* [Exercise requirements]
The entries below contain pictures. Retype everything except those pictures, exactly as given.

* [Exercise materials]

####################

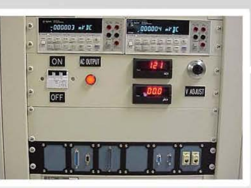
DMMs, AC Adjust, On/Off, & Meters
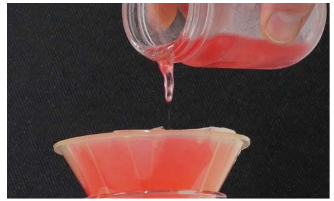
Wax formation in untreated diesel fuel resists pouring.

lowers the cold filter-plugging point (CFPP) by up to 40^{\circ} F (22°C) in ULSD.
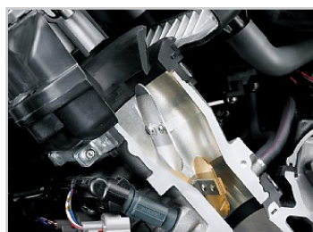
Precise throttle control
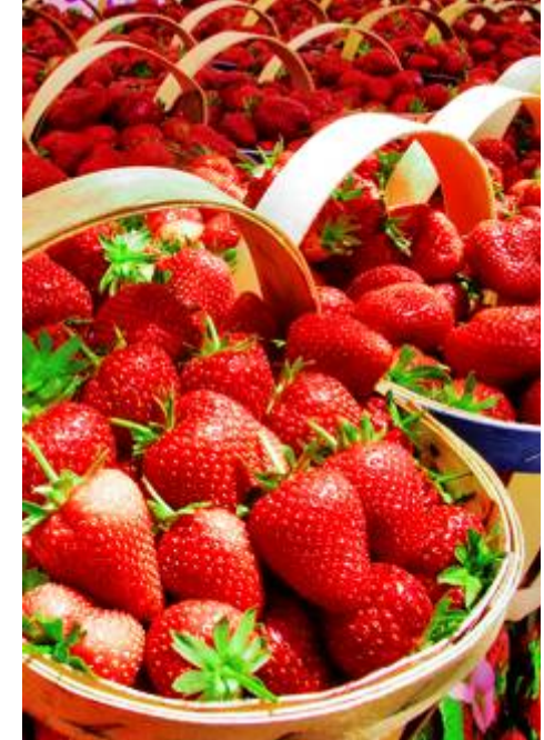
Farm Fresh Strawberries

The Bedford Farmer's Market is featured weekly during the months of May through October. The goal of this organization is to create awareness and support for local farmers and gardeners by making their locally grown products directly assessable to the public. With assistance from White River RC&D, the Bedford Farmer's Market will display six 2'x4' vertical banners along the perimeter of Bedford's town square. The banners will be displayed for seven months throughout the year.
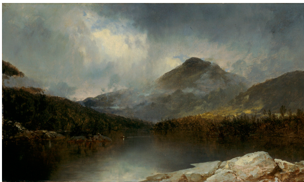
John Frederick Kensett (1816 – 1872)
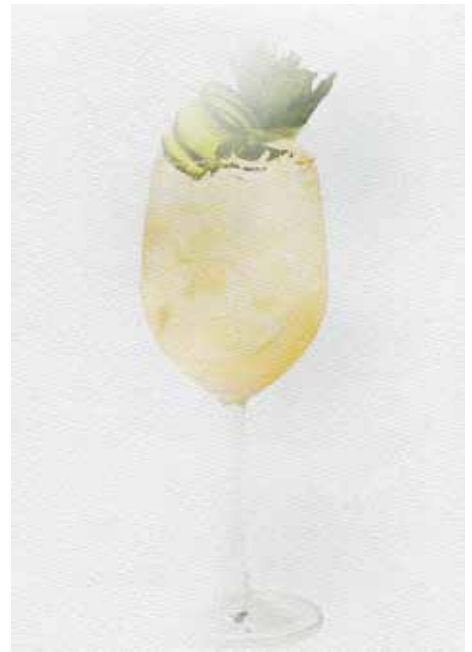
GARDEN FIZZ $160

A glass of bubbles will surely freshen up your cocktail drinks

####################

* [Worked solution]
DMMs, AC Adjust, On/Off, & Meters
Wax formation in untreated diesel fuel resists pouring.

lowers the cold filter-plugging point (CFPP) by up to 40^{\circ} F (22°C) in ULSD.
Precise throttle control
Farm Fresh Strawberries

The Bedford Farmer's Market is featured weekly during the months of May through October. The goal of this organization is to create awareness and support for local farmers and gardeners by making their locally grown products directly assessable to the public. With assistance from White River RC&D, the Bedford Farmer's Market will display six 2'x4' vertical banners along the perimeter of Bedford's town square. The banners will be displayed for seven months throughout the year.
John Frederick Kensett (1816 – 1872)
GARDEN FIZZ $160

A glass of bubbles will surely freshen up your cocktail drinks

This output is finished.